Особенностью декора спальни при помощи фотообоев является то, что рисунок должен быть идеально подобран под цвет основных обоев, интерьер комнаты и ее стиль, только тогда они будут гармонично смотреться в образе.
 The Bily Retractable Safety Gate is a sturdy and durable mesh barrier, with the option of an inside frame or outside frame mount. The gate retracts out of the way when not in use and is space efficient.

::::

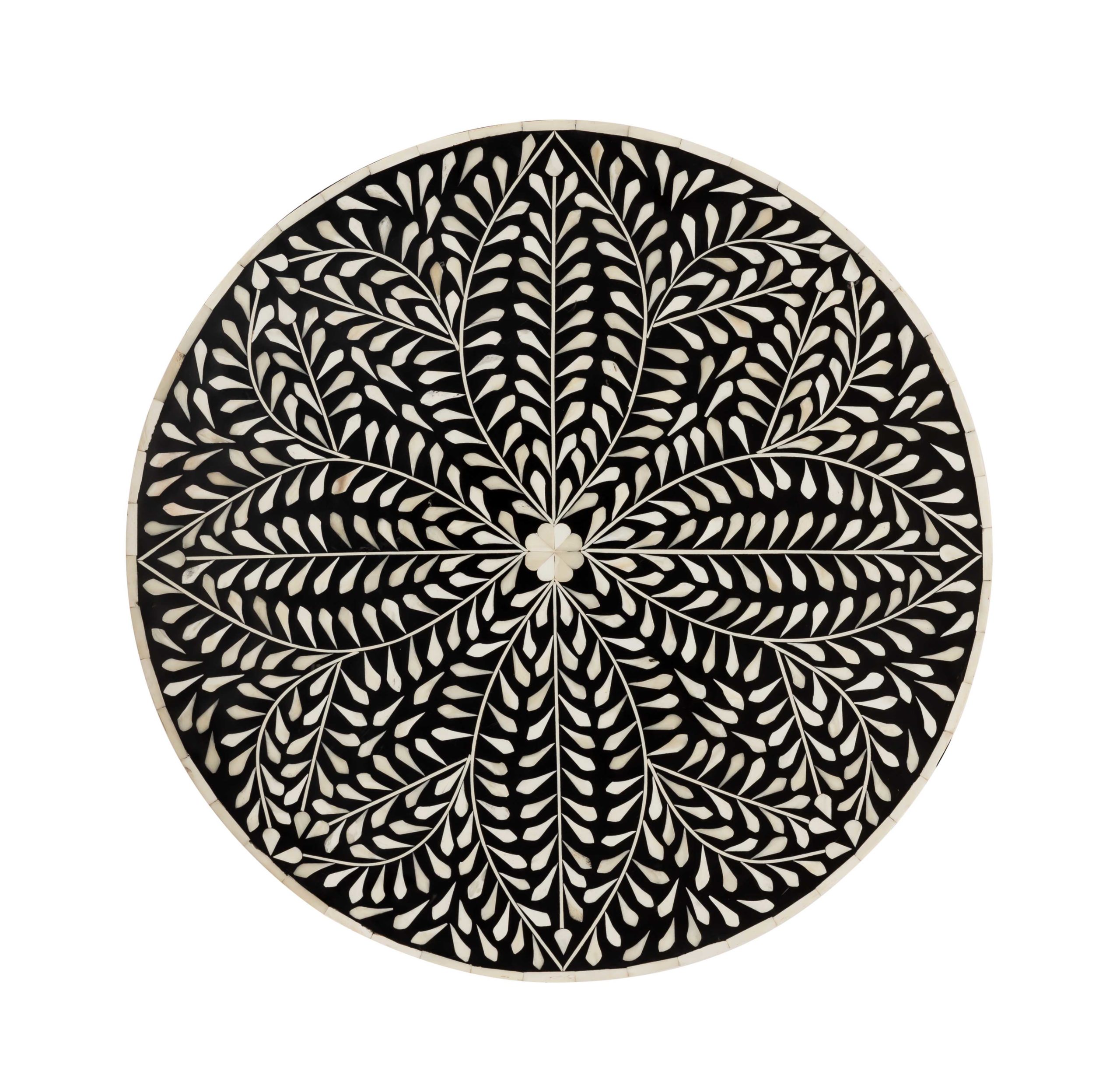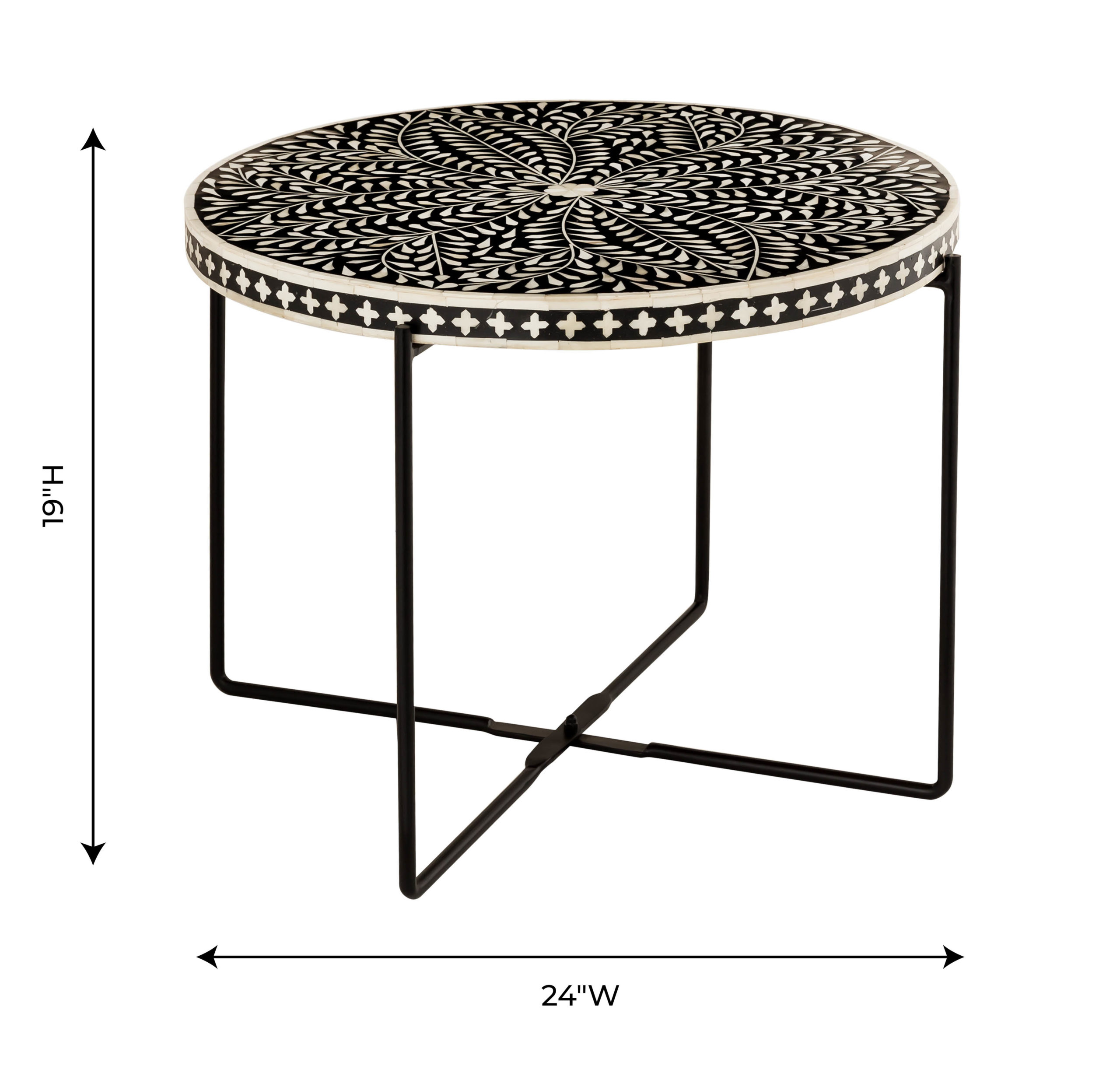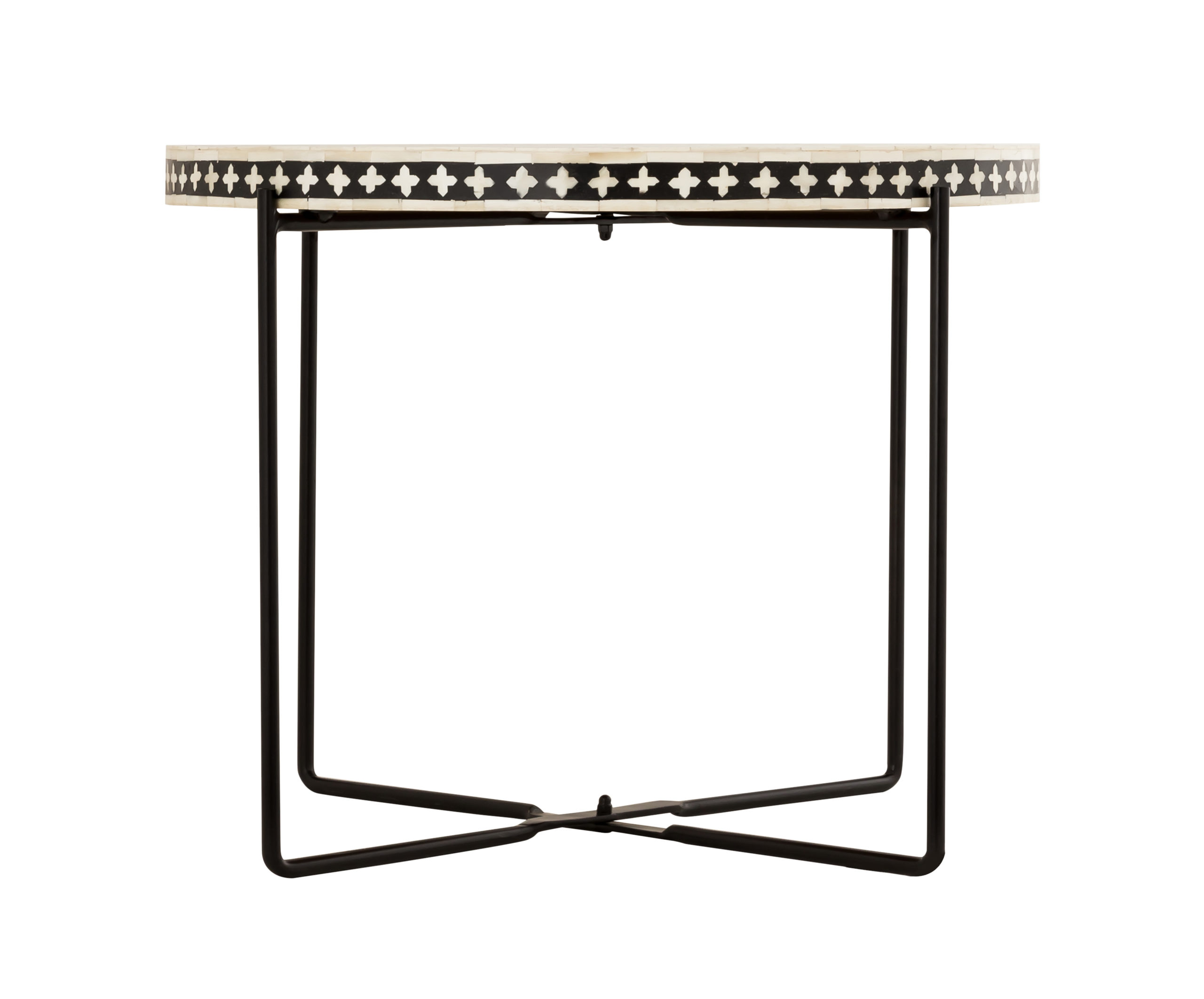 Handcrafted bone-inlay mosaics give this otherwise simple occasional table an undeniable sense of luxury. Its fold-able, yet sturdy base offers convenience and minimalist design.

::::

**REQUIRED WORK:** Taking the records above, retype every line from the one with "Особенностью декора спальни" down to the one with "The Bily Retractable", exactly and with nothing else.

**OUTPUT:**
Особенностью декора спальни при помощи фотообоев является то, что рисунок должен быть идеально подобран под цвет основных обоев, интерьер комнаты и ее стиль, только тогда они будут гармонично смотреться в образе.
 The Bily Retractable Safety Gate is a sturdy and durable mesh barrier, with the option of an inside frame or outside frame mount. The gate retracts out of the way when not in use and is space efficient.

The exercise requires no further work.